First verse, fabulous... last line.. I have a problem with the end word choice... but heeey. opinions run rampant...lol.. good stuff, strong message andI think most will agree...


----------



## Bard_Daniel (Oct 9, 2015)

I particularly liked your final stanza. That shone out at me as the crowning achievement of the poem.

Keep up the good work!


----------



## Mesafalcon (Oct 13, 2015)

Firemajic said:


> I have a problem with the end word choice... but heeey. opinions run rampant...lol.. good stuff, strong message andI think most will agree...

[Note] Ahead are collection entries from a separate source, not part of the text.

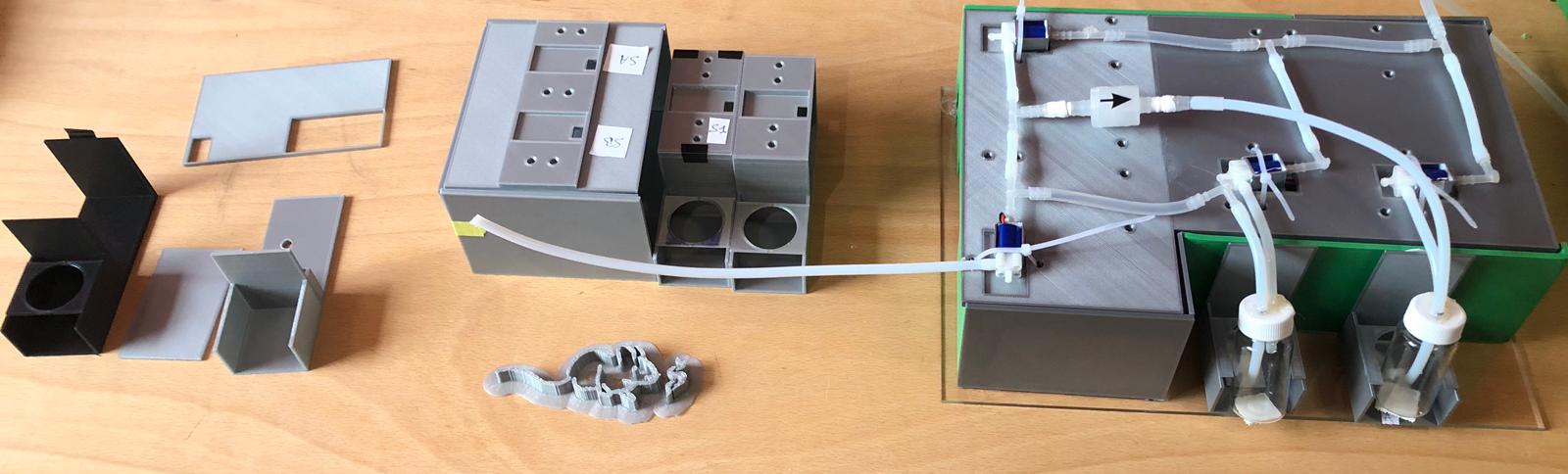 After the success of this first 3D printing, we started on our bigger piece, the box that would hold our olfactometer together.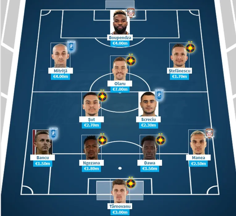 Cel mai scump prim 11 din Superliga României! FCSB are cei mai mulți jucători, iar Universitatea Craiova și Rapid completează echipa ideală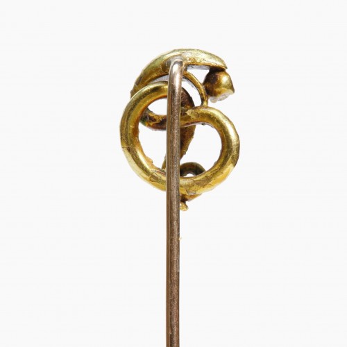 The antique gold diamond coiled snake stick pin is a striking piece that combines intricate design with refined elegance.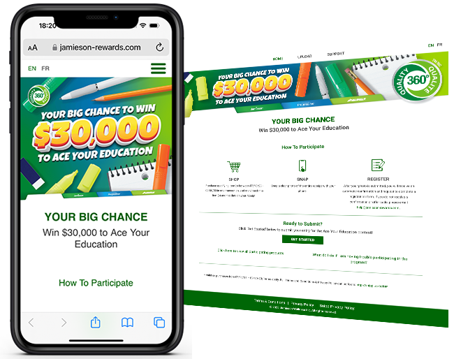 Snipp created an exciting bilingual sweepstakes program in English and French where customers could purchase any Jamieson product across the portfolio, upload their receipt online at jamieson-rewards.com and register for a chance to win $30,000 in school tuition for their child. Consumers received one entry per qualifying product, with a cap of 10 entries per user.

The end choice words are why this is called "Pocket Change Capatalism." I wanted to mention all the small change in the poem - _pennies, nickles, quaters, and dimes_.


----------



## Firemajic (Oct 13, 2015)

in


----------



## Amnesiac (Oct 13, 2015)

Hope and change... The rich hope to get richer, the poor go to war, and the rest of us middle-class slobs: All we're left with, is pocket change.


----------



## Mesafalcon (Oct 13, 2015)

Firemajic said:


> in



Ya, I am not crazy about that myself... it is a slight rhyme on "fountain"

I am open to suggestions cause I could not think of a fitting rhyme with fountain - so I settled.

Thanks.


----------



## Firemajic (Oct 14, 2015)

Mesafalcon said:


> opinions run rampant
> outlooks are bleak
> politicians speeches all weak
> 
> ...




shopping malls sporting shallow fountains
each so beautifully arranged
toss in your nickels and pennies,make a wish for change 

something like that, maybe... good work though... love your style...


----------



## Mesafalcon (Oct 16, 2015)

Firemajic said:


> shopping malls sporting shallow fountains
> each so beautifully arranged
> toss in your nickels and pennies,make a wish for change
> 
> something like that, maybe... good work though... love your style...





not crazy about the word "beautifully" for this... but sounds alright. good suggestion.


----------



## Firemajic (Oct 16, 2015)

ha haaaa... right.. I can see how "Beautifully" fails... but what I wanted for you to try.. was to drive home [with the last line of your poem]the title... because the title really sums up your fabulous poem...so, make your last line the climax of your poem...


----------



## inkwellness (Oct 16, 2015)

I have an idea that I think might strengthen the first stanza.


> opinions run rampant
> outlooks are bleak
> politicians speeches all weak



Last line might be changed to:

opinions run rampant
outlooks are bleak
politicians make speeches, all weak

This would add a verb to make each of the 3 lines of the stanza consistent. Remember, this is just my opinion, take it with a grain of salt. 

Otherwise,  great poem, solid message. Thanks!


----------